_Provided material_

★ ★ ★ ★ ★

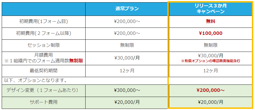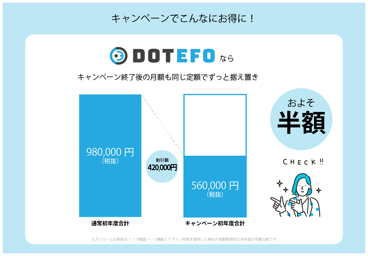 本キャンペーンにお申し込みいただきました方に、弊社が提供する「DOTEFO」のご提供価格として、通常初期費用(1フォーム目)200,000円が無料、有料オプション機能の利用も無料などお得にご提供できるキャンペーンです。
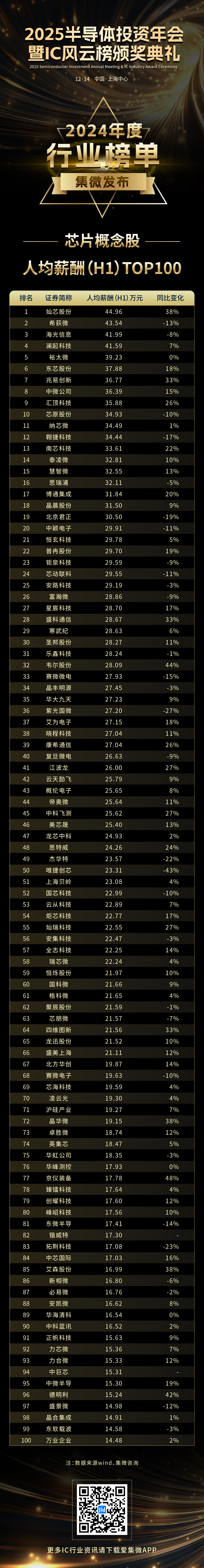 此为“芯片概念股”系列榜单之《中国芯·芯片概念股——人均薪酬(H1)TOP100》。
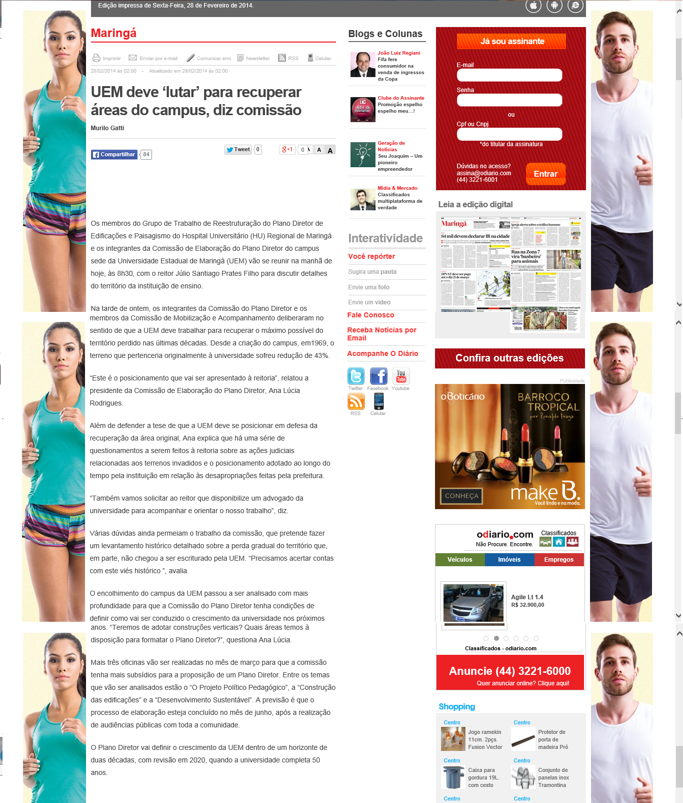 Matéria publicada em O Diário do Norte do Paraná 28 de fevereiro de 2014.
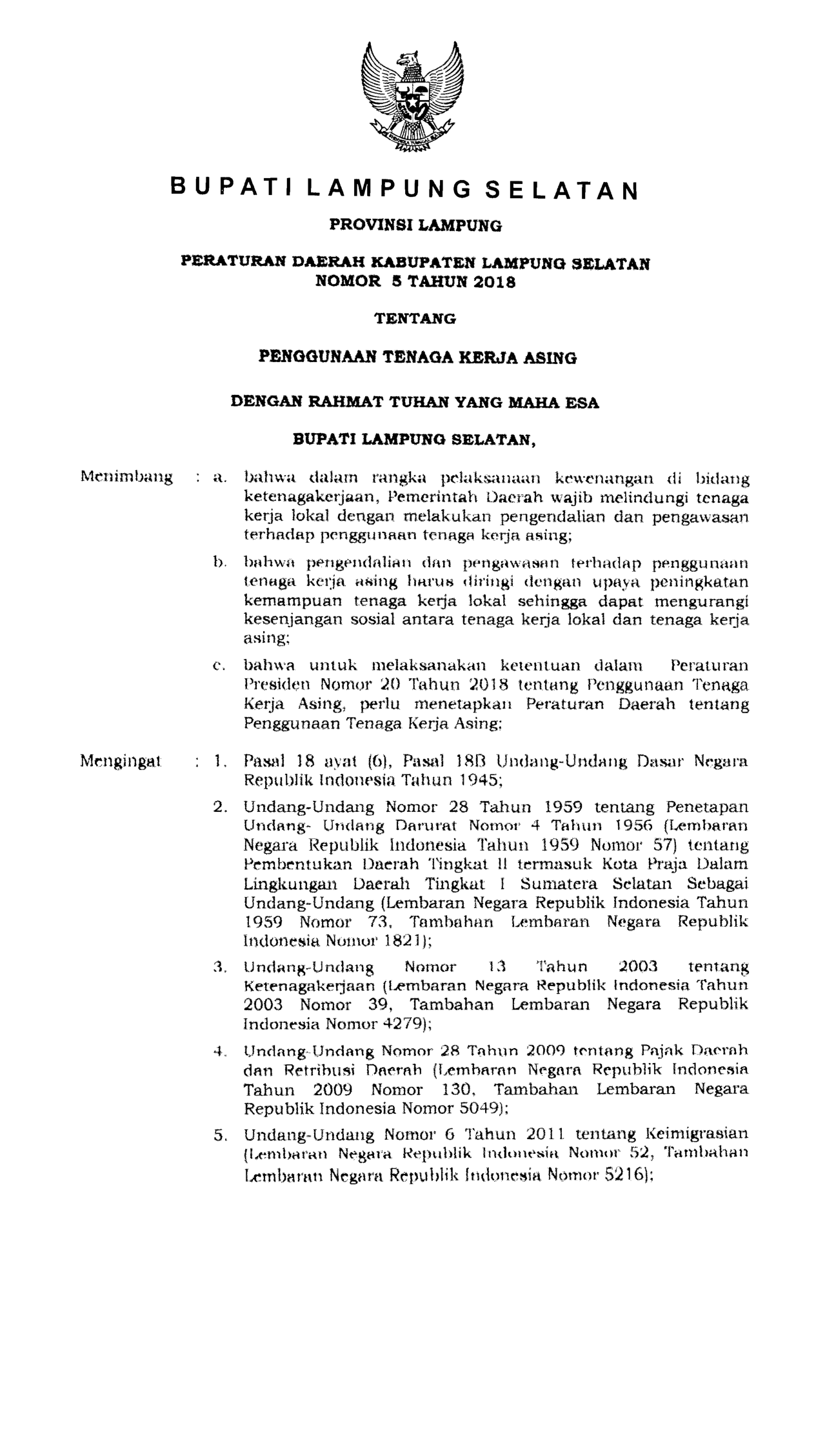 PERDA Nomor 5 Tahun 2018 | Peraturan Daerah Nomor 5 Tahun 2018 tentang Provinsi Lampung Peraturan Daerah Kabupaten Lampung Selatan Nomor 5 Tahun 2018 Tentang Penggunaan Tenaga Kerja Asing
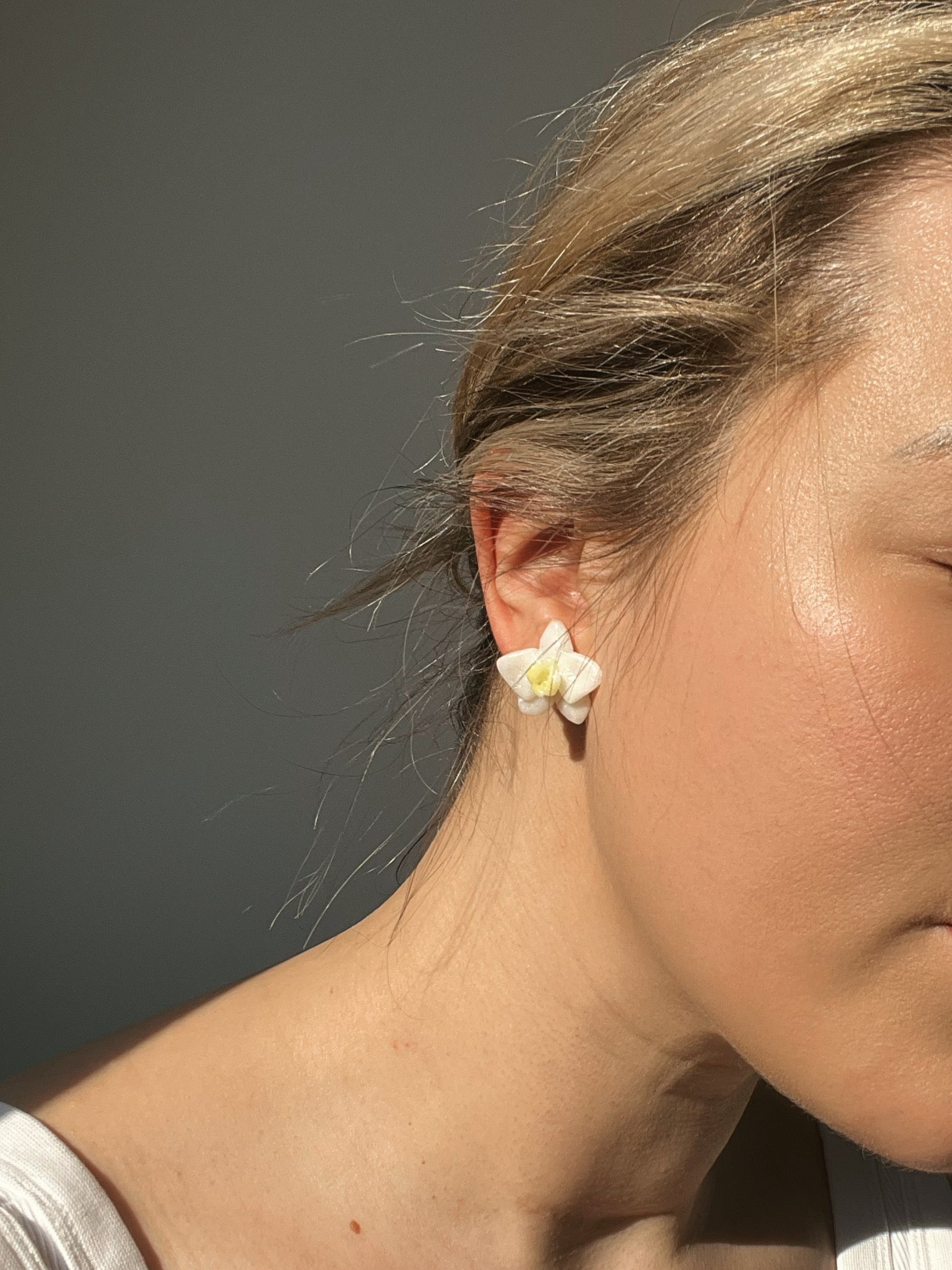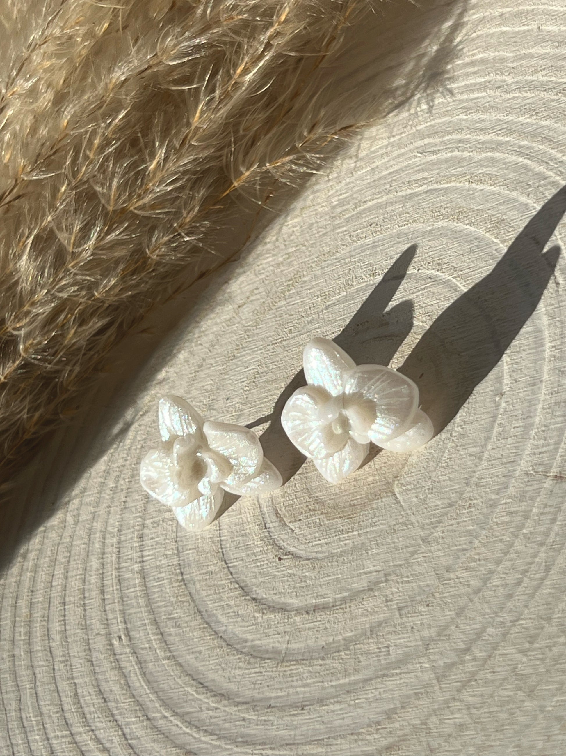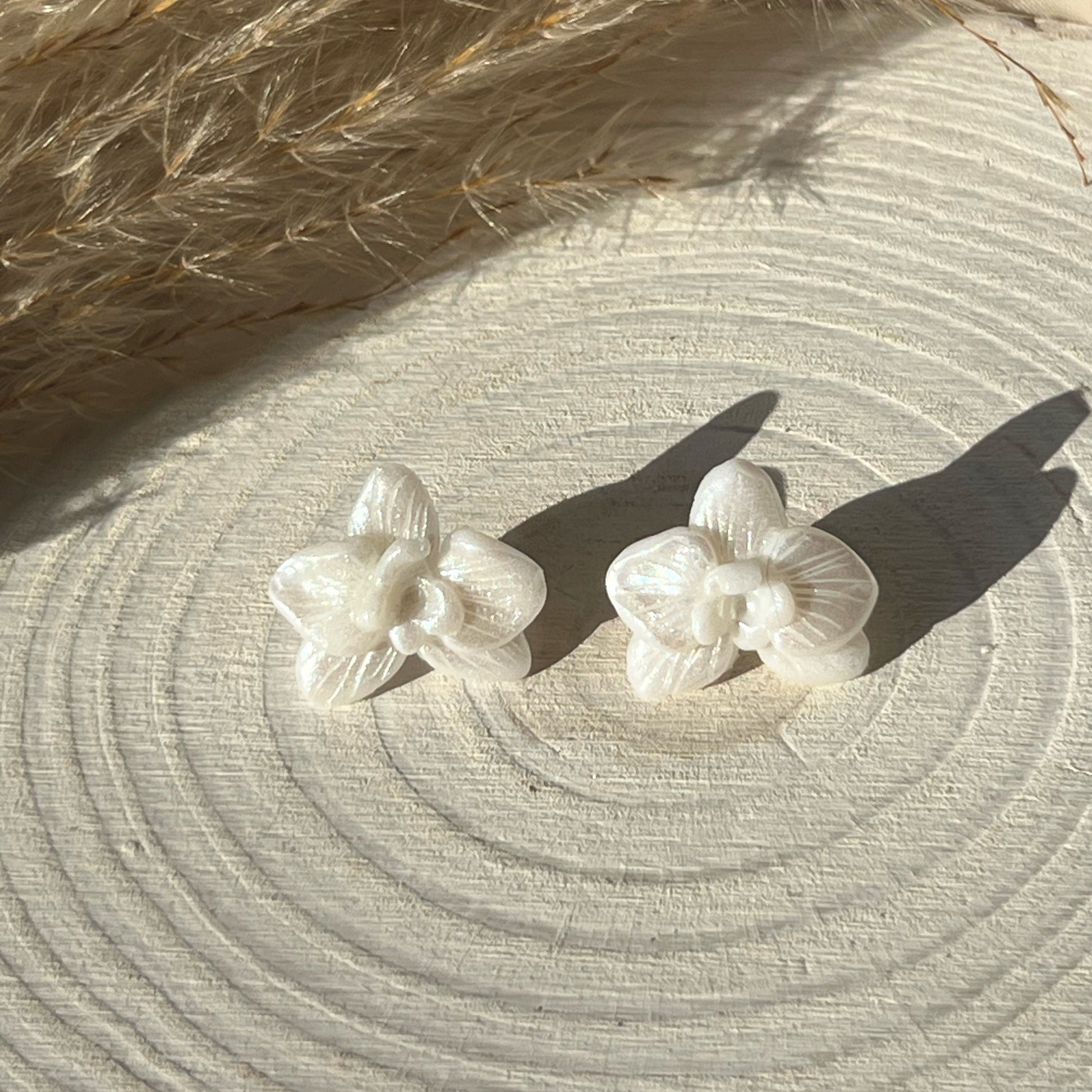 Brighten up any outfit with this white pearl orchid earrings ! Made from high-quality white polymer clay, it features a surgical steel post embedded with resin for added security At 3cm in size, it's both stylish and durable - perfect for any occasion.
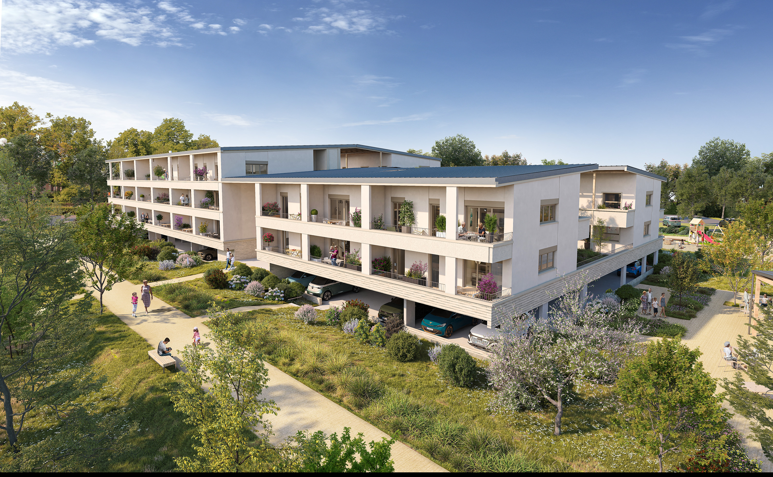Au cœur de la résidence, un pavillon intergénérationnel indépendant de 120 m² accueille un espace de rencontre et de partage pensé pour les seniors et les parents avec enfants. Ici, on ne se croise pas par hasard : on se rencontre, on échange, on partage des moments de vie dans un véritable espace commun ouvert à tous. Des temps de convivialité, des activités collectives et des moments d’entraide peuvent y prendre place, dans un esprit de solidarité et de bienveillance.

★ ★ ★ ★ ★

All that is wanted is each line, word for word, from the first line of the data to the one holding "PERDA Nomor 5", with the pictures left out.

_Solved exercise_
 本キャンペーンにお申し込みいただきました方に、弊社が提供する「DOTEFO」のご提供価格として、通常初期費用(1フォーム目)200,000円が無料、有料オプション機能の利用も無料などお得にご提供できるキャンペーンです。
 此为“芯片概念股”系列榜单之《中国芯·芯片概念股——人均薪酬(H1)TOP100》。
 Matéria publicada em O Diário do Norte do Paraná 28 de fevereiro de 2014.
 PERDA Nomor 5 Tahun 2018 | Peraturan Daerah Nomor 5 Tahun 2018 tentang Provinsi Lampung Peraturan Daerah Kabupaten Lampung Selatan Nomor 5 Tahun 2018 Tentang Penggunaan Tenaga Kerja Asing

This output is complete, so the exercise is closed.